Том! Сижу в аэропорту в Барселоне, жду рейса на Москву. Сыграла здесь 5 «Гамлетов». А после Афин я все-таки попала в больницу. Разболелось сердце, вызвали «скорую» и прямиком в реанимацию. Пока лежала там одна – сносно. Только от лекарств очень болела голова. Спасла меня нянечка-уборщица – дала мне крепкого сладкого чая. Но потом туда подвезли каких-то старух тоже «с сердцем», и они ночью так храпели! Я была счастлива, когда меня перевели в палату. Там я была одна и блаженствовала. Даже удалось поработать над рукописью о «Поэме без героя» Ахматовой.
Играли мы в Барселоне в каком-то новом театральном центре. Зал неудобный для меня: круглый и без сцены, просто площадка в центре. Нет концентрации энергии.
По просьбе местных – дала тут один мастер-класс по психической энергии. Но тоже в новом помещении – не натопленном. Скучно!

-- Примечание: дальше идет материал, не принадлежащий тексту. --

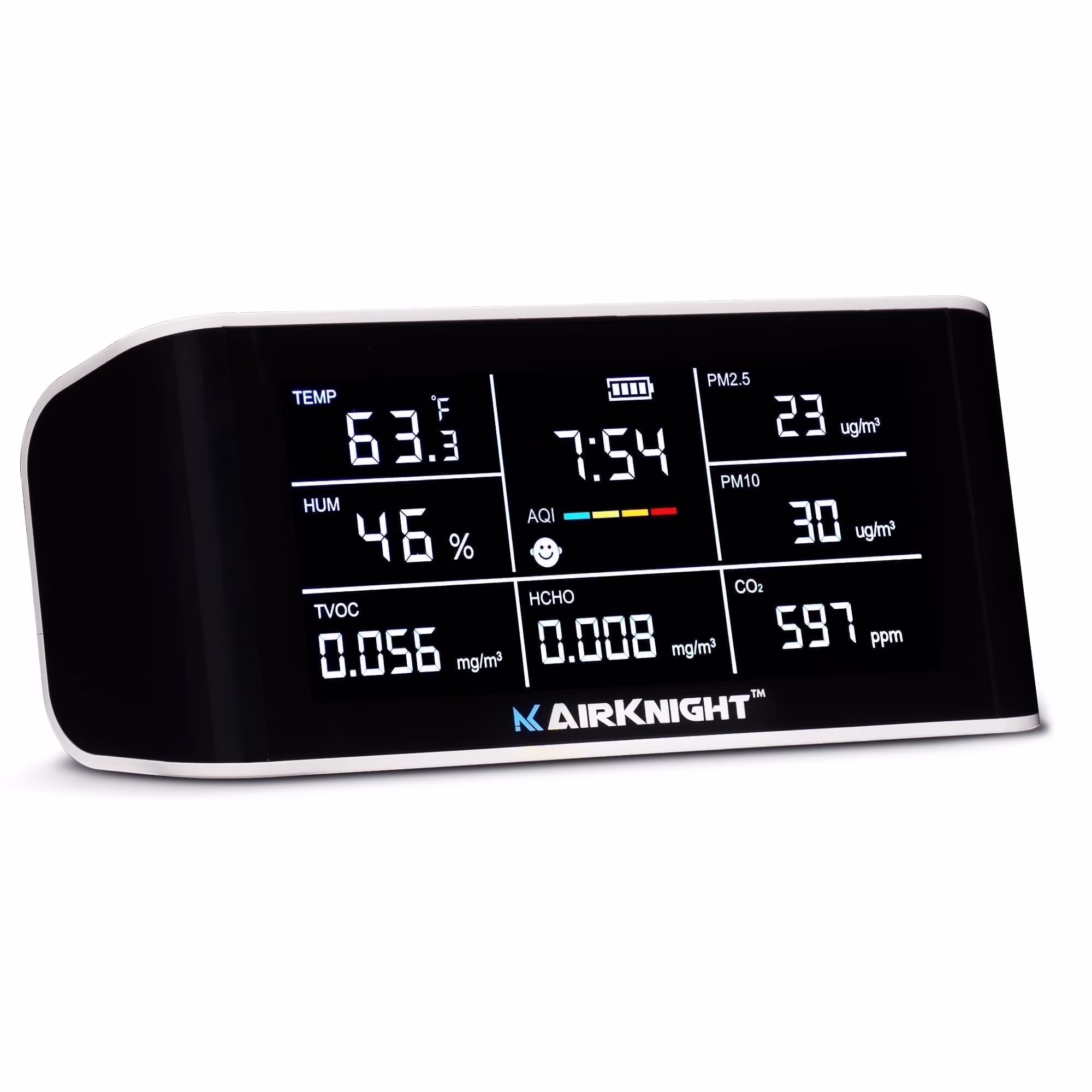 AIRKNIGHT 9-In-1 Indoor Air Quality Monitor Indoor Portable CO2 Monitor, VOC Sensor, Formaldehyde Detector, AQI, PM2.5 + 4 More Home Monitoring, Air Quality Tester – Confined Space Clean Air Monitor

Ко мне сюда приехала приятельница из Женевы. Пришлось с ней погулять по городу и даже съездить в Sitgese – город, где я играла и «Федру», и «Квартет», и «Медею». Там каждый год театральные международные фестивали. В Барселоне я не в первый раз, и поэтому была гидом для моей приятельницы.
Том, по-моему, объявляют посадку. Конверт я приготовила раньше. Просто было недосуг писать. Опущу где-нибудь. Обнимаю.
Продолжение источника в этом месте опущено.